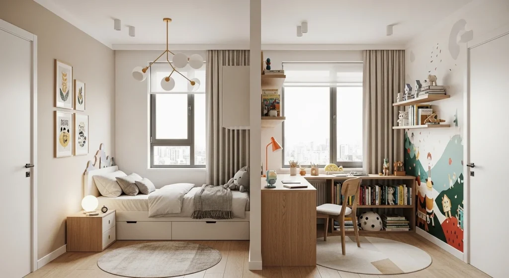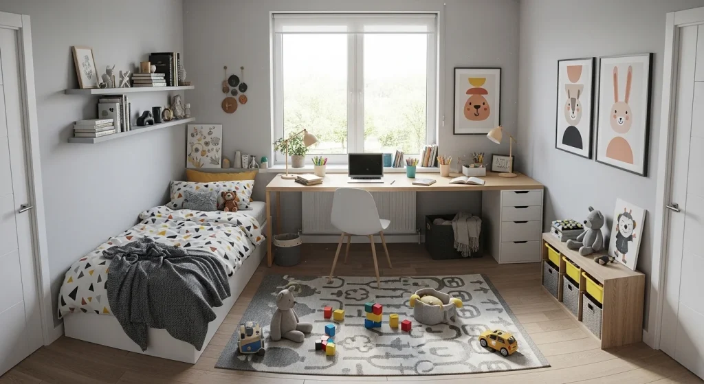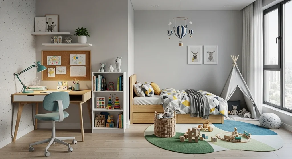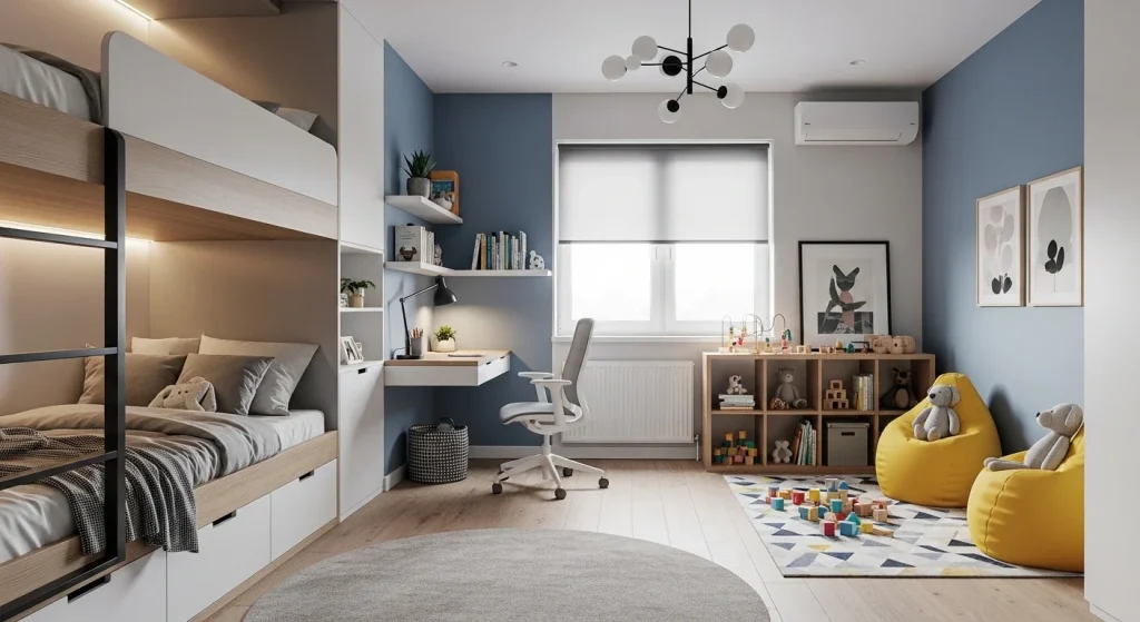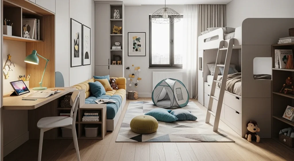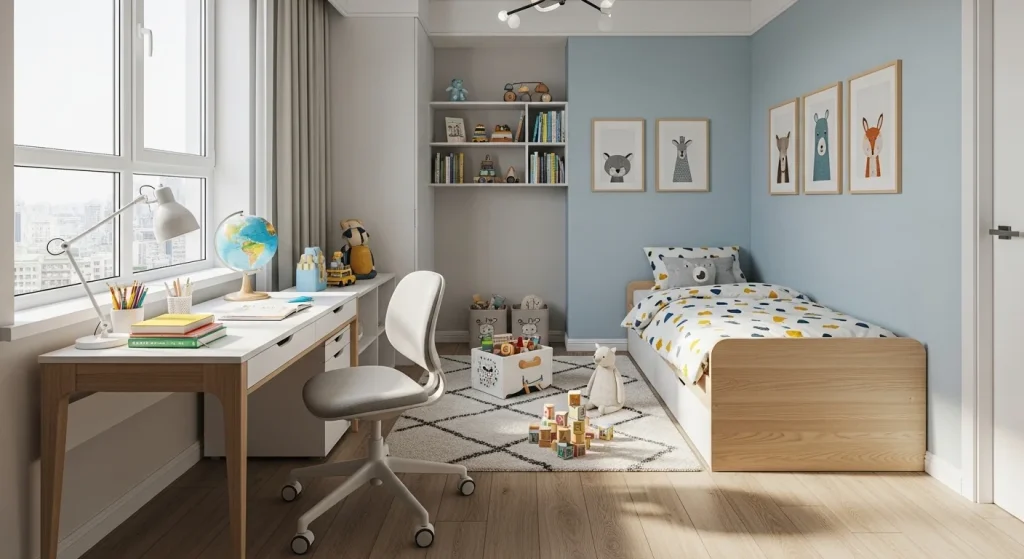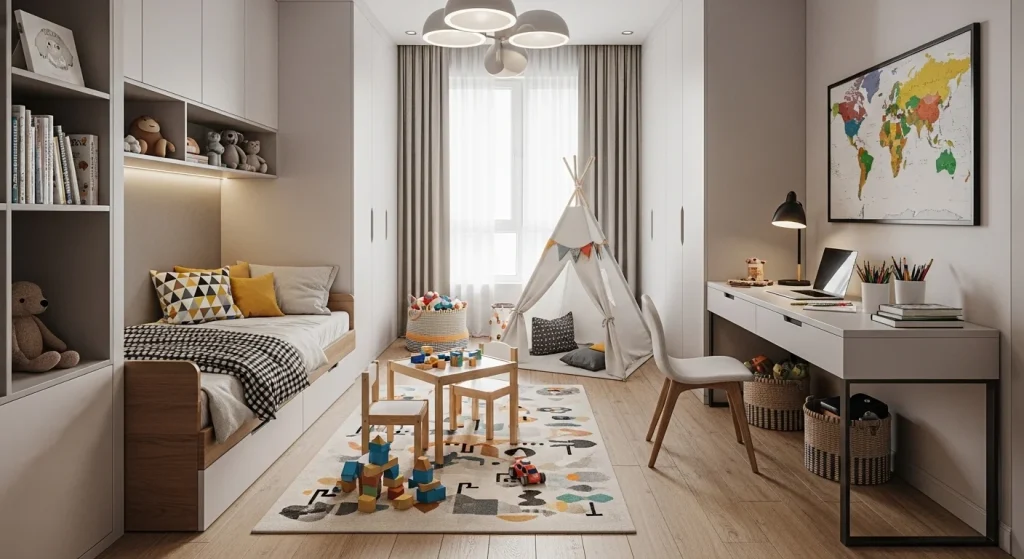 Designing zones that can shift function throughout the day adds flexibility. A study desk can double as a craft table, and the play area can adapt easily. The layout feels dynamic and efficient. It reduces the need for extra furniture. The room stays uncluttered and practical. A modern approach to small-space living.
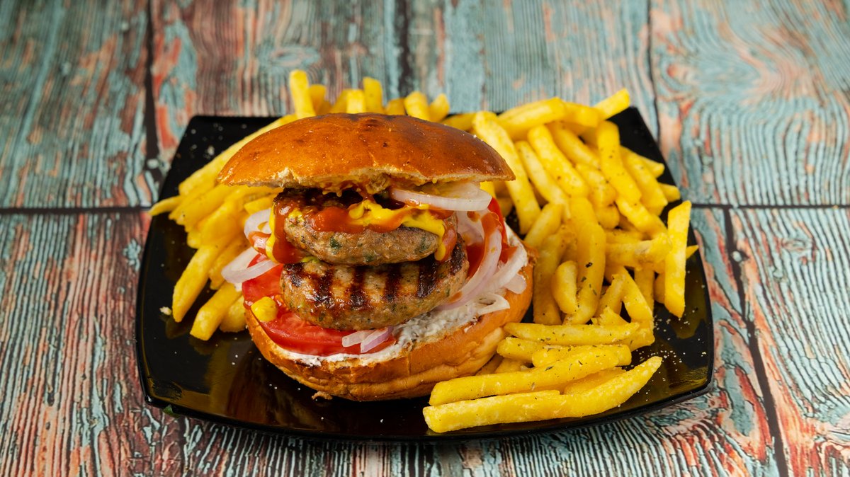 2 Μπιφτέκια μοσχαρίσια, ντομάτα, κρεμμύδι, μαγιονέζα, κέτσαπ, μουστάρδα. Συνοδεύεται με πατάτες
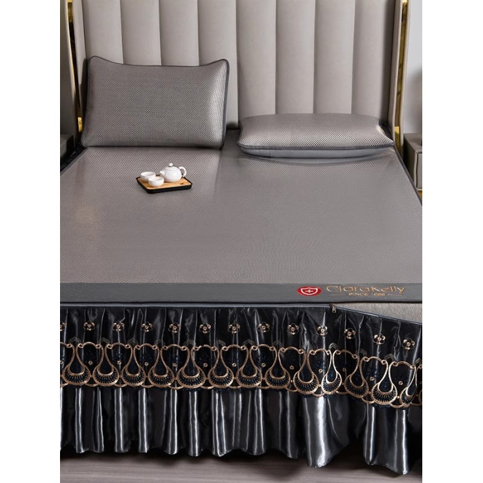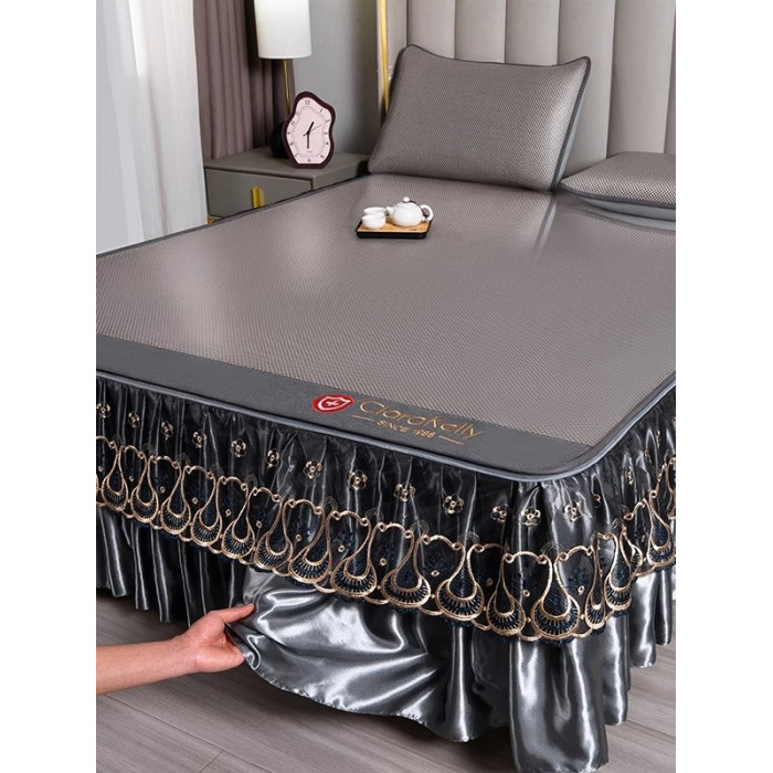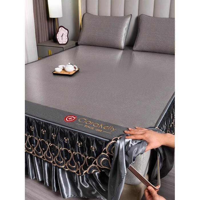 2025新款夏季天然純冰絲藤蓆帶拉鍊可拆洗床裙防滑可折曡水洗涼蓆

TASK DESCRIPTION:
Please give all of the data again, exact and free of pictures.

RESPONSE TO THIS TASK:
 Designing zones that can shift function throughout the day adds flexibility. A study desk can double as a craft table, and the play area can adapt easily. The layout feels dynamic and efficient. It reduces the need for extra furniture. The room stays uncluttered and practical. A modern approach to small-space living.
 2 Μπιφτέκια μοσχαρίσια, ντομάτα, κρεμμύδι, μαγιονέζα, κέτσαπ, μουστάρδα. Συνοδεύεται με πατάτες
 2025新款夏季天然純冰絲藤蓆帶拉鍊可拆洗床裙防滑可折曡水洗涼蓆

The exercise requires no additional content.